Problem statement:
Nothing but the lines from the one containing "中国联通获批eSIM手机运营服务商用试验,全国预约通道上线" to the end of the records that follow should be transcribed, each exactly, with the pictures left out.

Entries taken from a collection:

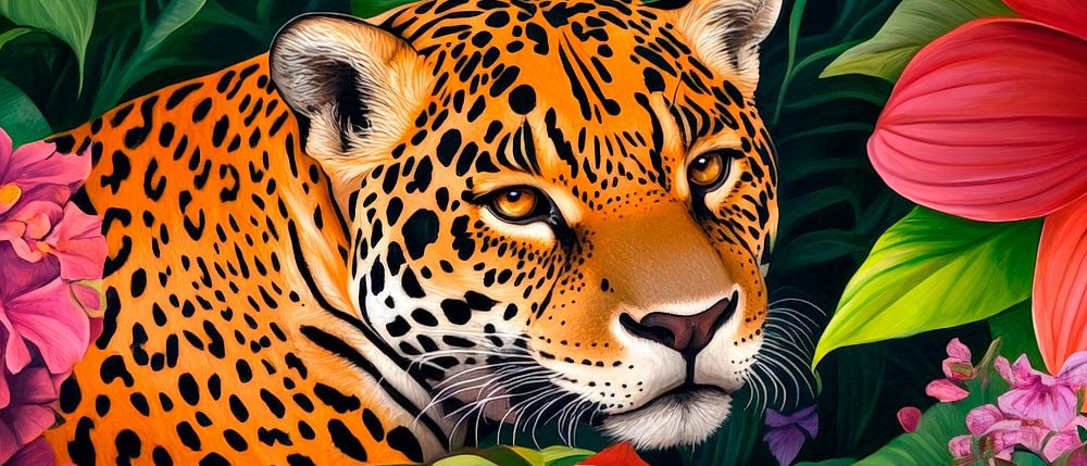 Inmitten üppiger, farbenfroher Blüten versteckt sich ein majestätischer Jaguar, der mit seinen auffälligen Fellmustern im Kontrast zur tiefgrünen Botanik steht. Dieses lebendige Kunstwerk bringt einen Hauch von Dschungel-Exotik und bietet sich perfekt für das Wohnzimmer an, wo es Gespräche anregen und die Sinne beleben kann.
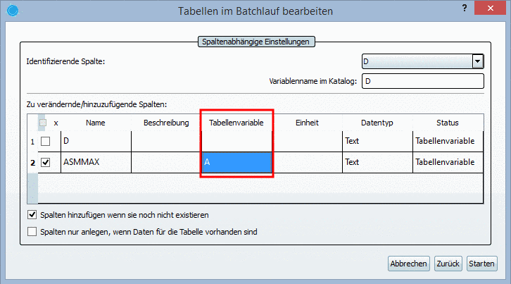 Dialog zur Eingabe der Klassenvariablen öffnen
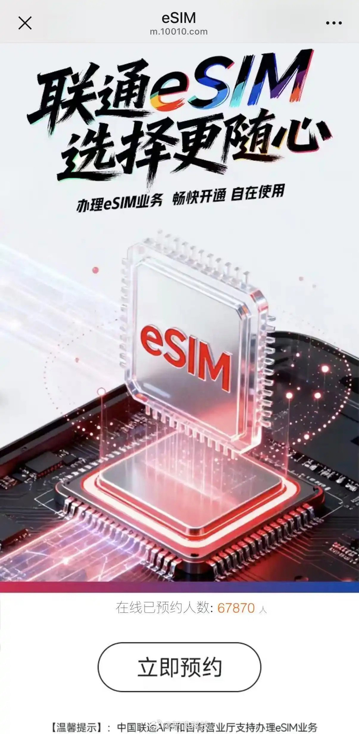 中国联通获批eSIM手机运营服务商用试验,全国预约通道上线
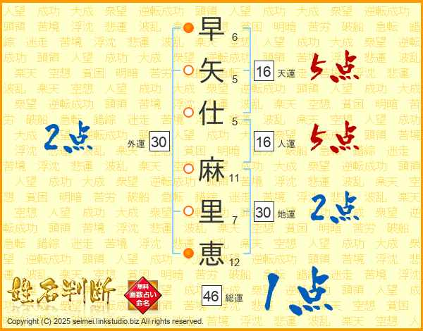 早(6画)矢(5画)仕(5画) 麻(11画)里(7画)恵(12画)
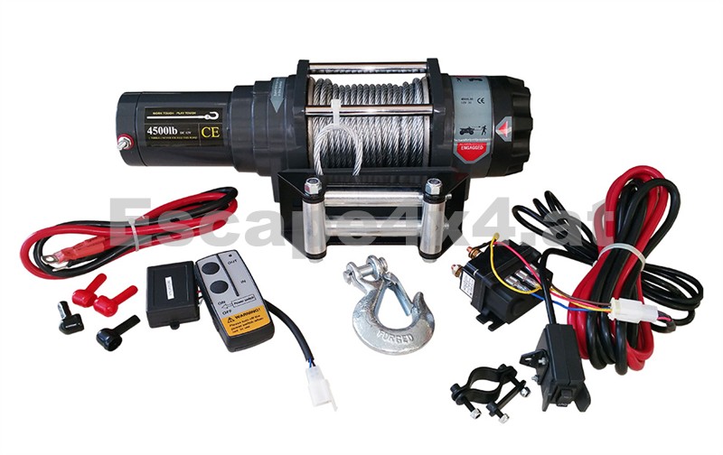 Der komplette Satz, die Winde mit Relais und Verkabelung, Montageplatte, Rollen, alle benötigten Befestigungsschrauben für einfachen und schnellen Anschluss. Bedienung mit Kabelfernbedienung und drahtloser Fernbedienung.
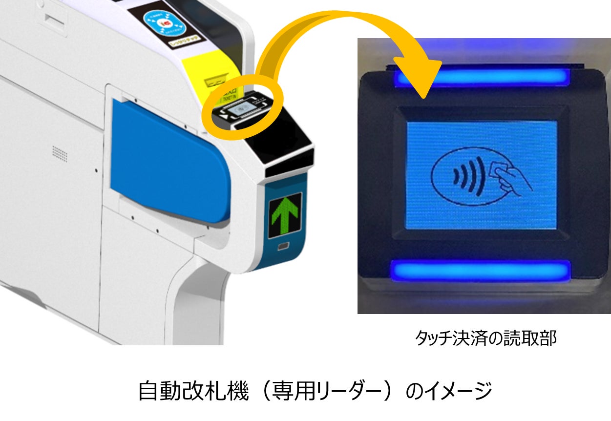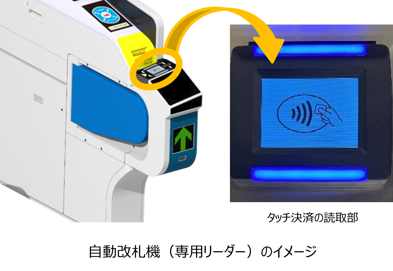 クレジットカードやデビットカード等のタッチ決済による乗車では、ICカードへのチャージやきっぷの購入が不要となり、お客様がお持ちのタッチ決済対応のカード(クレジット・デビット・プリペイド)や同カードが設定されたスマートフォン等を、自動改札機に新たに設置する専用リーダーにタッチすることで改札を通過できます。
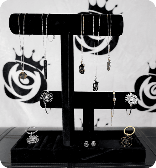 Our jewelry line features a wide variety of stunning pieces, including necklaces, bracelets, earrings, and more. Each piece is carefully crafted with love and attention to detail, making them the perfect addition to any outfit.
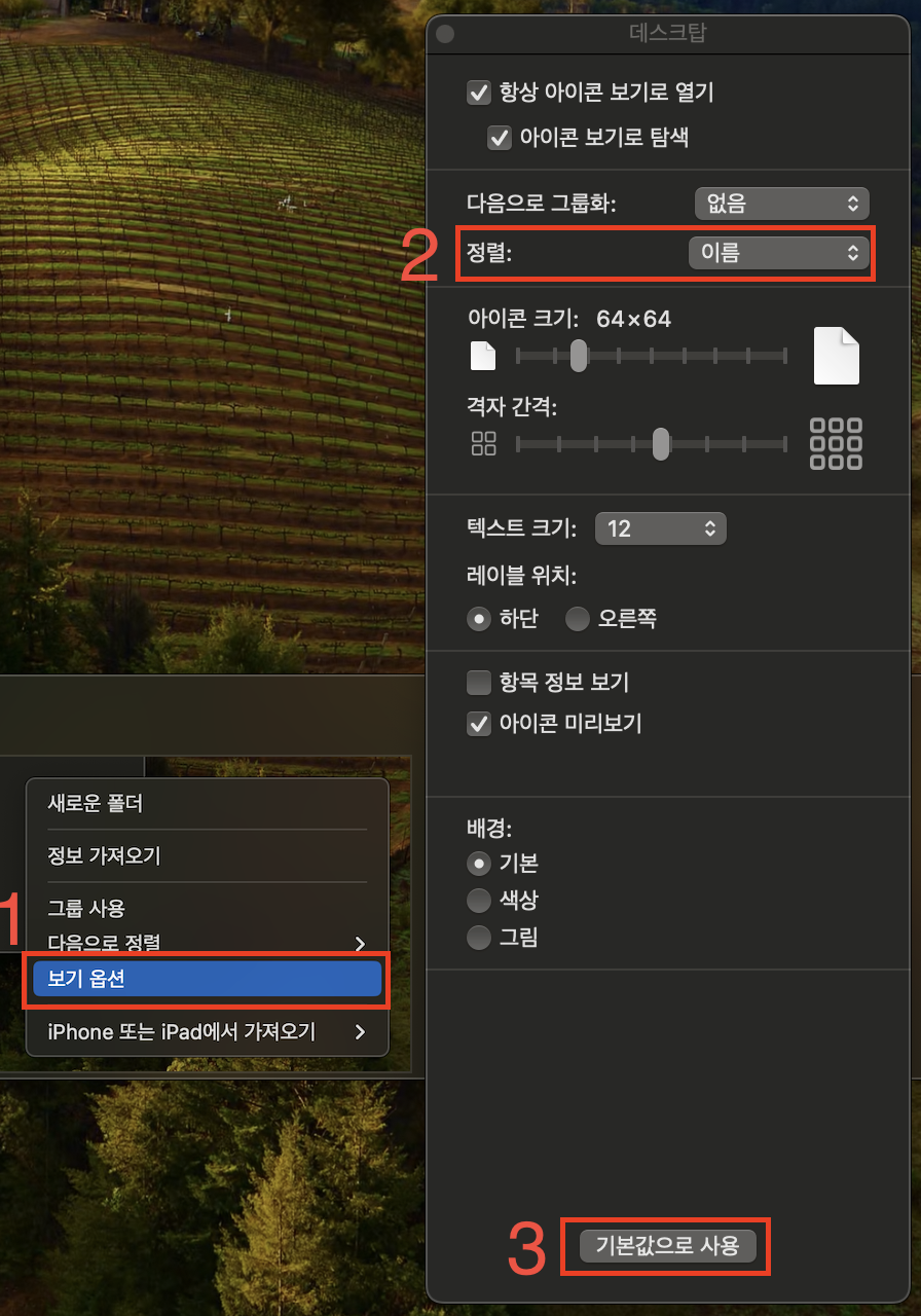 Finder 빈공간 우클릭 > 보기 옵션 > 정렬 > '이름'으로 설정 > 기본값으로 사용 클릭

Result for this task:
 中国联通获批eSIM手机运营服务商用试验,全国预约通道上线
 早(6画)矢(5画)仕(5画) 麻(11画)里(7画)恵(12画)
 Der komplette Satz, die Winde mit Relais und Verkabelung, Montageplatte, Rollen, alle benötigten Befestigungsschrauben für einfachen und schnellen Anschluss. Bedienung mit Kabelfernbedienung und drahtloser Fernbedienung.
 クレジットカードやデビットカード等のタッチ決済による乗車では、ICカードへのチャージやきっぷの購入が不要となり、お客様がお持ちのタッチ決済対応のカード(クレジット・デビット・プリペイド)や同カードが設定されたスマートフォン等を、自動改札機に新たに設置する専用リーダーにタッチすることで改札を通過できます。
 Our jewelry line features a wide variety of stunning pieces, including necklaces, bracelets, earrings, and more. Each piece is carefully crafted with love and attention to detail, making them the perfect addition to any outfit.
 Finder 빈공간 우클릭 > 보기 옵션 > 정렬 > '이름'으로 설정 > 기본값으로 사용 클릭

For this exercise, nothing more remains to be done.